There is a difference, and it could be a big one, between deciding (or even praying) to do nothing… and having nothing to do. For a start, in the first way of thinking we would like to suggest that we have a choice in the matter. The second way of thinking suggests we probably don’t.
I want to start from the second proposition – having nothing to do. Or is “having nothing better to do” more accurate, since maybe there is always also some value judgement involved? I think it is.
Because in reality there is always some small thing worth the effort of bothering with. Nothing dramatic, a necessity really, like clearing the throat before speaking, it is often as dull as that, and close to boredom the like of crossing a territory as vast as the pampas where we have been these last weeks and months, the dust being blown everywhere and making our throats dry, and a lassitude and an irritation around the edges of the eyes.
With an endless flatness underfoot, and a receding horizon in which the mountains in the distance never appear to be getting any closer. What am I trying to say? That the words always fail in our inevitable one-way movement from the transparent to the opaque, but it is better than irony, and please don’t underestimate the beauty or power of a creative system, the aesthetic.

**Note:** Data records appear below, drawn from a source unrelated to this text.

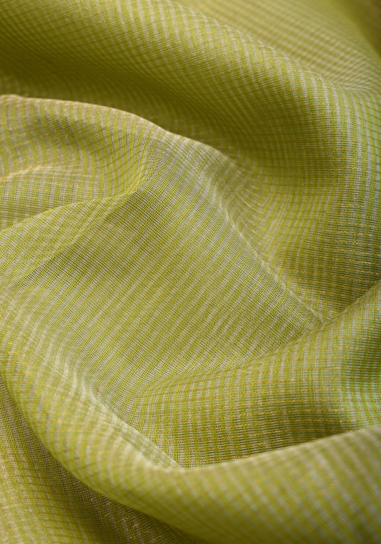 This saree comes in  Green with zari checks and self border weave for added shimmer.
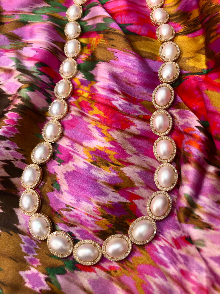 This divine 18K necklace boasts a smooth creamy white pearls, exquisitely set off by dazzling white diamonds. A stunning selection for the discerning jewelry connoisseur, this beautiful piece is your ticket to a look of incomparable refinement.
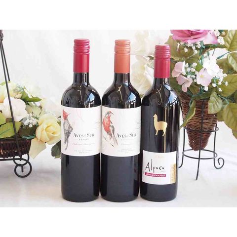 しっかりした存在感チリ赤ワイン 3本セット(デル スール カベルネ ソーヴィニヨン デル・スール カルメネール アルパカ カベルネ・メルロー) 750ml×3本
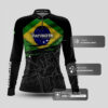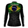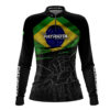 Camisa Agro Feminina Brk Básica Patriota Preta Bandeira do Brasil com Proteção UV50+
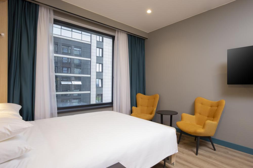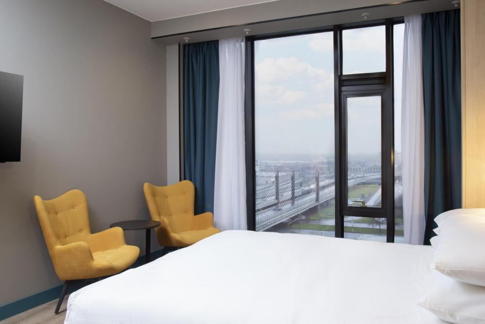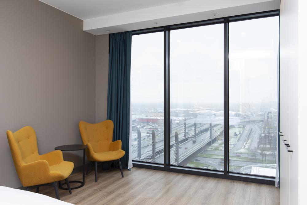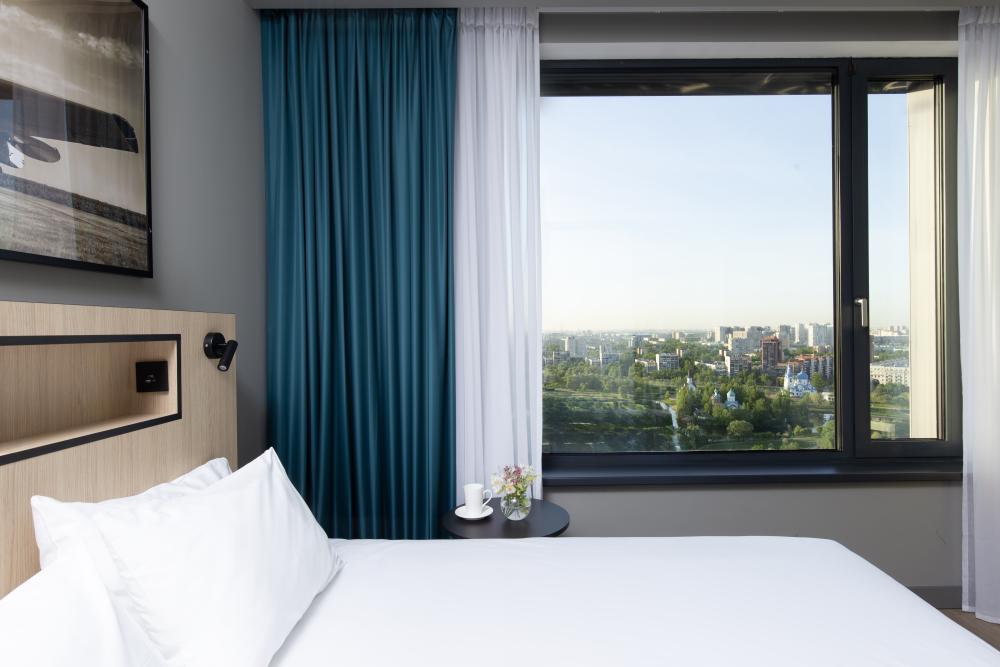 Уютный номер площадью 25 кв.м. с одной двуспальной кроватью, которая может трансформироваться в диван. Номера расположены на высоких этажах, из окон открывается вдохновляющих вид на Пулковский парк. Продуманное пространство будет комфортным вариантом и для встречи с коллегами, и для спокойного сна. Каждый номер оснащен мини-кухней с холодильником, варочной поверхностью и набором посуды, рабочей зоной, беспроводным интернетом и ЖК-телевизором. Ванная комната с душевой кабиной, набором необходимых принадлежностей, включая фен.
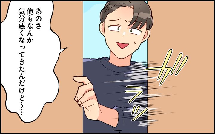 次の作戦として、夫に息子を任せて美容院へ。しかし、到着から10分で「腹痛がヤバい」と連絡が!仕方なく急いで帰ると、夫は「ストレス」だといい、薬は飲まずにそそくさと寝室に行ってしまう。その夜、「寝たら治った」とカップ麺を食べる夫に、千恵は「ほんとかな」と疑念を持ち始める。
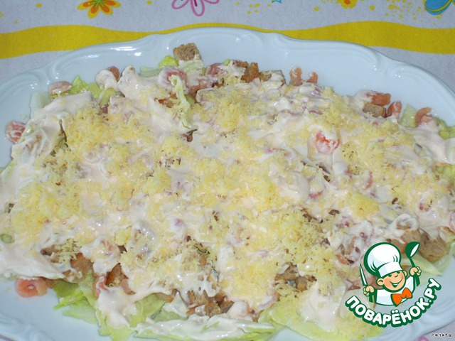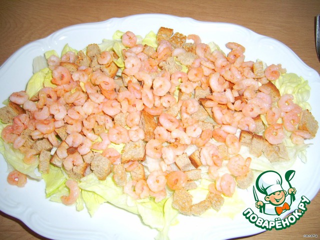 На листья салата выложить сухарики
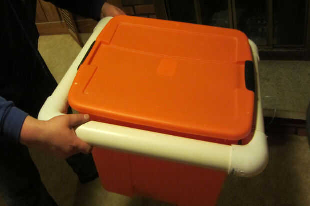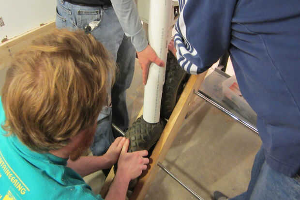 Por lo que en las dos últimas horas, hemos solucionado la lata - morder parte. Utilizando tubería de PVC para alinear correctamente las latas, los neumáticos pueden agarrar a ellas y tire de ellas para empezar a aplastar la lata.

Like during a visit to Leicester in 1968. It is before the coming of the city centre underpasses, bypass, and expressways, since I am (or was then) just too young for Paris, and for the revolution apparently breaking out there. Or for the lure of the East and Istanbul, which of course you and I only reached for the first time a few months after we began writing here five years ago. And growing up fast, but in 1968 still in the last moments of my boy-life and having nothing better to do in the city, and I am making the long walk along the pavements, and through the market where the Asian newcomers throng, and finding my own way to where I want to get to.
To the Comic Kiosk: (1) where words and pictures are exchanged (some of them inevitably for money), (2) ‘under an object that acts as a shadow, or shade-maker’ (sometimes it is very much worth looking into the source of words; kiosk – in Persian kušk), and (3) where the comic is harvested, amassed and collected at a face value that is better than the merely ironic.
In row upon row without end. For example, here is one from off the stack, a recent favourite of mine from the cover of Zombie Economics (“a chilling tale” (2010)) by John Quiggin:
In other words, and in case you have not realised yet, I am articulating an object within a philosophy of political action.